- _PROBLEM STATEMENT_:
Take every line in the entries that includes the word "number" and copy it.

- _RECORDED INFORMATION_:
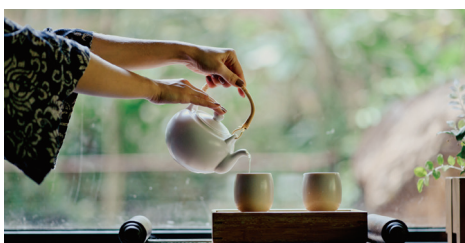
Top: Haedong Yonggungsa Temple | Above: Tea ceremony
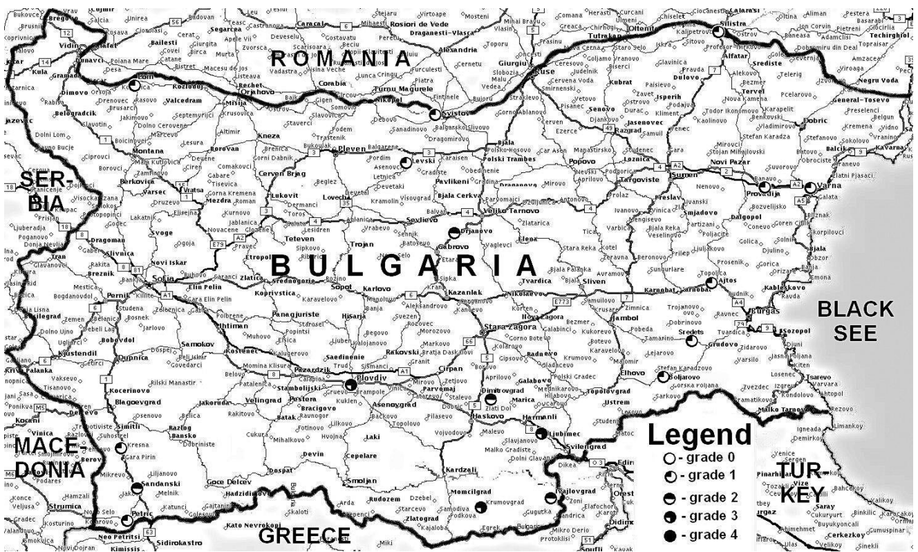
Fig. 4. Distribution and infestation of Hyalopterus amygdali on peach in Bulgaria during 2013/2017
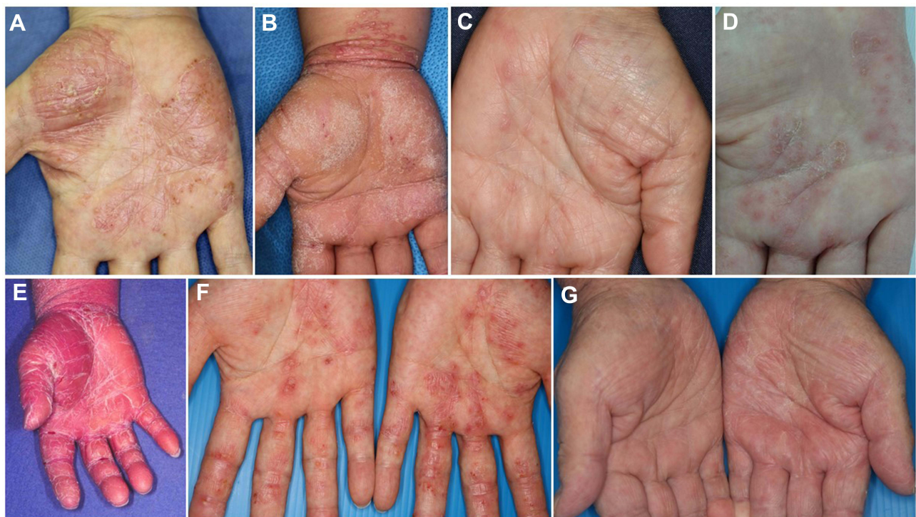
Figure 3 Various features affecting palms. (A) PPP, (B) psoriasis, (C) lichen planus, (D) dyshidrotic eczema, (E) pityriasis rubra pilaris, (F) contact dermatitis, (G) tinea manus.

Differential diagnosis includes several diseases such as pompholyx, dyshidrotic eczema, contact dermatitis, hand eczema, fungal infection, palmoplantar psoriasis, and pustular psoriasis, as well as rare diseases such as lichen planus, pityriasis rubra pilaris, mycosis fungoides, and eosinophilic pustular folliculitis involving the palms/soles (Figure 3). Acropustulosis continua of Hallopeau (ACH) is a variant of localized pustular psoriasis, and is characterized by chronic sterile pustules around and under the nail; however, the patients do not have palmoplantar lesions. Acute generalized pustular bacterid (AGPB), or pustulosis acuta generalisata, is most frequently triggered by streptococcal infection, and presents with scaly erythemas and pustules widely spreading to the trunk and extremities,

---

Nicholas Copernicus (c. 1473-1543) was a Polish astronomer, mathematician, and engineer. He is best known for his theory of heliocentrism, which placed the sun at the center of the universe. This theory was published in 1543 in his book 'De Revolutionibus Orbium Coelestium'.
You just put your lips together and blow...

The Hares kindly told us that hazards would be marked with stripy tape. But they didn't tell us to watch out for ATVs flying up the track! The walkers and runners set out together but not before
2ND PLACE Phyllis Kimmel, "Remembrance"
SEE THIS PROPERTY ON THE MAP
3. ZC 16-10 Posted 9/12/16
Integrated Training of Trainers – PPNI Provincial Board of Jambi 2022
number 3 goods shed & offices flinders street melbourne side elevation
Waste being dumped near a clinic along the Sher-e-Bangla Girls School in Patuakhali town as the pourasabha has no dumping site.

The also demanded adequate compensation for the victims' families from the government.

* * *

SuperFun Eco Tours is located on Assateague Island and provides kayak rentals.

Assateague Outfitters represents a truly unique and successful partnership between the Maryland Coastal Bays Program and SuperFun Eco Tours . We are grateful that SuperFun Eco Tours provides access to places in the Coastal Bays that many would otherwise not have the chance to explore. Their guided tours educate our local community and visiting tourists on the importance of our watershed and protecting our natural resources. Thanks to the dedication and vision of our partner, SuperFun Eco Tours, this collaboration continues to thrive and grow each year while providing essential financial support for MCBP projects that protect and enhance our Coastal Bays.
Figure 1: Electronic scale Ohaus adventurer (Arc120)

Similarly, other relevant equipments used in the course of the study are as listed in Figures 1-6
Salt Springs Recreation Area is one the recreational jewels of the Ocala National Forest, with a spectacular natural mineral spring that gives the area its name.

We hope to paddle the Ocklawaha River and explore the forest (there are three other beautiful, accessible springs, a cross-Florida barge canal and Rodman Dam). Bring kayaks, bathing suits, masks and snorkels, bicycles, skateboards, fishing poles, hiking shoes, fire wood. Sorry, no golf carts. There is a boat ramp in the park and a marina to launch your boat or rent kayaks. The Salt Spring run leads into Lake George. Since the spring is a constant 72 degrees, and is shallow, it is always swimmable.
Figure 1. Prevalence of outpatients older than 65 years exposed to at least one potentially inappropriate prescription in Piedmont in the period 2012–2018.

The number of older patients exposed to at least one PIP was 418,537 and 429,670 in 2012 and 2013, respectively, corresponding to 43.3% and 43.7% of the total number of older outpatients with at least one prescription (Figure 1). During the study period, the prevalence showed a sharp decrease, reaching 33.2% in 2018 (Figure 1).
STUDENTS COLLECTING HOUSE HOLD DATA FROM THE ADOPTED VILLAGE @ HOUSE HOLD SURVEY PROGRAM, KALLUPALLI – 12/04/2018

- _RESULT FOR THIS TASK_:
number 3 goods shed & offices flinders street melbourne side elevation
The number of older patients exposed to at least one PIP was 418,537 and 429,670 in 2012 and 2013, respectively, corresponding to 43.3% and 43.7% of the total number of older outpatients with at least one prescription (Figure 1). During the study period, the prevalence showed a sharp decrease, reaching 33.2% in 2018 (Figure 1).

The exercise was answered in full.